Teknolojik gelişmeler hayatımıza büyük kolaylıklar getirdi. Ancak bu hızlı değişim, toplumun algı ve davranışlarında köklü dönüşümlere sebep oldu. Öyle ki, yeni nesil ile eski nesil arasında derin bir uçurum oluştu. Bu kopuş sadece kuşak çatışması değil, aynı zamanda kültürel bir yozlaşmanın da habercisi oldu.
İnsanın doğayla olan kadim dostluğu, modern yaşamın hızında zayıfladı. Küresel ısınma, bozulan dengeler, gıdasızlık ve susuzluk artık gündelik hayatımızın gerçeği. Kendi ellerimizle doğayı tahrip ettikçe, aslında kendimizi de tüketiyoruz. Yine de hayat devam ediyor; doğaya olan sevgimizi ve saygımızı hatırlamak zorundayız.
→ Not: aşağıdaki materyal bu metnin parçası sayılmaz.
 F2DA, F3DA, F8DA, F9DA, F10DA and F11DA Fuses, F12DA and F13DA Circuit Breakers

Eski Türk yazıtları bu konuda bize büyük dersler verir. Birinde şöyle denir:
“Kuzu dizlerinin üzerine çökerek annesini emer, karga yaşlı annesini besler; bunun adı saygıdır.”
“Horoz şafak vakti öter, yaban kazları her bahar kuzeye, her sonbahar güneye uçar; bunun adı söz tutmaktır.”
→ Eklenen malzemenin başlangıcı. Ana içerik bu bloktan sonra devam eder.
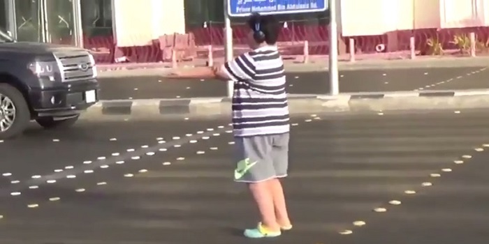 El menor, que llevaba un polo a rayas, pantalones cortos y auriculares, se paró en un paso de cebra en una calle llena de coches en Yeda y bailó durante un minuto la Macarena delante de los coches parados.
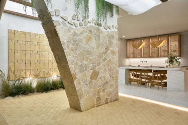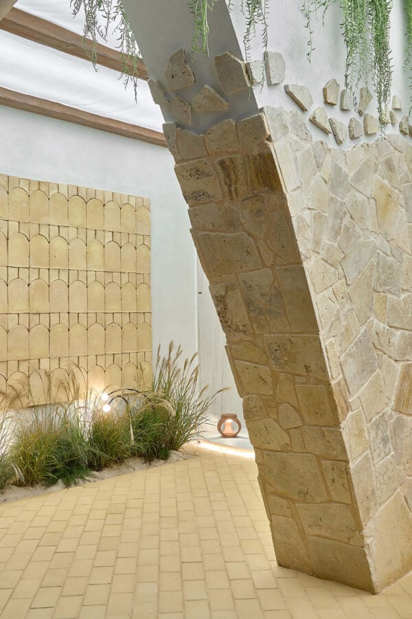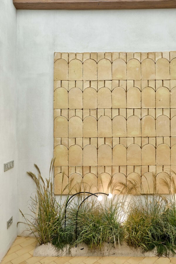Usando el modelo Vélez Bovedilla, una de nuestras colecciones de autor, hemos hecho un mural de barro que ocupa una de las paredes del patio prácticamente enteras, con la tonalidad Paja. Para el suelo, hecho con el Rectángulo 22×11, se ha escogido la tonalidad Bolonia, uno de nuestros nuevos acabados de barro de alta temperatura. Este color, inspirado en la arena y las dunas de las playas de Tarifa, encaja a la perfección con la gama del resto del espacio, que es de colores cálidos y acogedores, pero suaves, sin estridencias.
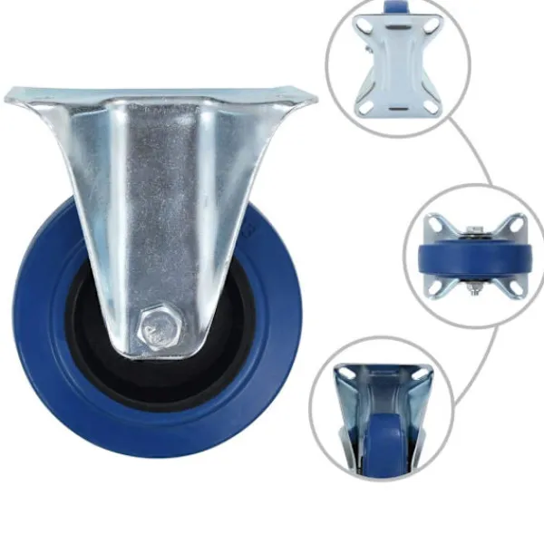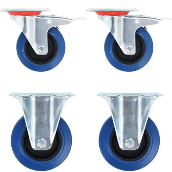 Den här uppsättningen om 12 hjul blir ett bra tillbehör för mindre utrustning och möbler såsom arbetsbänkar, vagnar, soffbord, växtställ, bokhyllor, kundvagnar med mera. Länkhjulen är tillverkade i gummi som kännetecknas av sitt goda stötdämpande vibrationsmotstånd, som gör dem smidiga och tysta. Dessutom skyddar hjulens mjuka yta ditt golv från repor. Ramen i zinkbelagt järn är högst rostbeständig och bidrar därmed till hjulens stadighet. Hälften av dessa hjul är utrustade med bromsar för flexibel kontroll. Varje länkhjul har en maximal lastkapacitet på 80 kg. Vid leverans ingår 6 fasta hjul och 6 länkhjul med bromsar.
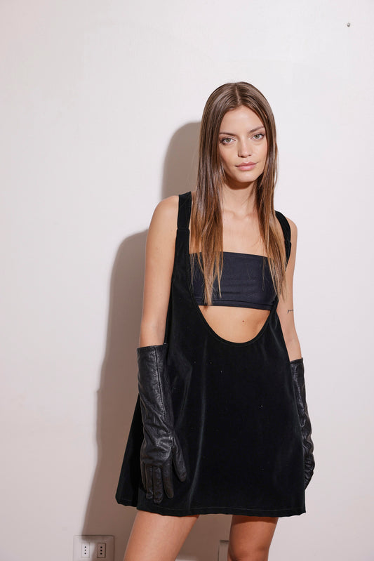 VESTIDO JARDINERA TERCIOPELO NEGRO TALLA UNICA- AGATA.
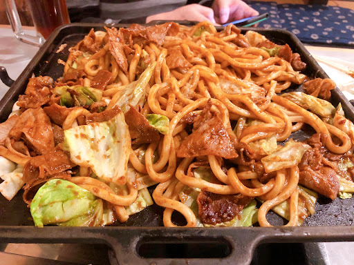 【ジャンジャン焼き】 まずうどんが2人前運ばれてきた後に、 大量のキャベツと豚肉が乗った鉄板が来ました。 火をつけた後はしばらく待機し、 ジュウジュウと音が出てきたら調理開始。 キャベツをめくると味噌ダレが顔を出すので、 豚肉を焼きながらタレを全体に絡め、 うどんを入れたらさらに麺にも絡めます。
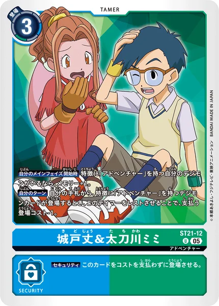 Your Turn When any Digimon cards with the [ADVENTURE] trait would be played from your hand, by suspending this Tamer, reduce the play cost by 1.
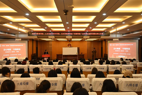 正值“国际反腐败日”、第四届“清廉南航”宣传教育周之际,12月9日,由必赢3003no1线路检测中心、人文与社会科学学院、艺术学院共同承办的“正心明道,行稳致远”廉洁主题信仰公开课在人文与社会科学学院模拟法庭举行。本次公开课由校党委副书记、纪委书记杭育新担任授课嘉宾,必赢3003no1线路检测中心党委书记苏州、人文与社会科学学院党委书记楚广兴、必赢3003no1线路检测中心党委副书记胡苹、人文与社会科学学院党委副书记刘思辰、艺术学院党委副书记王宇宁,三学院辅导员、学生党员、入党积极分子及经管学院本科生第三党支部全体成员等近200名师生共同参加了本次活动。

“Yeşilbaşlı ördek eşini kaybettikten sonra yeni bir eş bulmaz; bu sadakattir.”
“Geyik otlağa rastladığında sürüsünü davet eder, karınca yiyecek bulduğunda kolonisini çağırır; bu adalettir.”
Ve yazıtın sonunda şu ağır hüküm vardır:
“İnsan bu erdemlere sahip değilse, hayvandan beter bir halde yaşıyordur.”
Bir Türkmen duası ise bu bilgelikten beslenir:
“Tanrım, önce dağa taşa ver, ormana, hayvanlara, suya ver. Ondan sonra insanlara, komşuya, muhtaç olana ver. Kalırsa en son bana ver.”
Bu dua, insanın doğayla uyumlu bir yaşam sürmesi gerektiğini, kendini merkeze koymadan önce çevresini gözetmesi gerektiğini hatırlatır.
Sonuç açıktır: Eski bütün gelenekler kötü değildir. Tam tersine, çoğu bize yol gösterecek değerler taşır. Kültürel yozlaşma, insanın acısını ve yalnızlığını artırır. Oysa doğanın erdemleriyle barıştığımızda, hem kendimizi hem geleceğimizi kurtarabiliriz.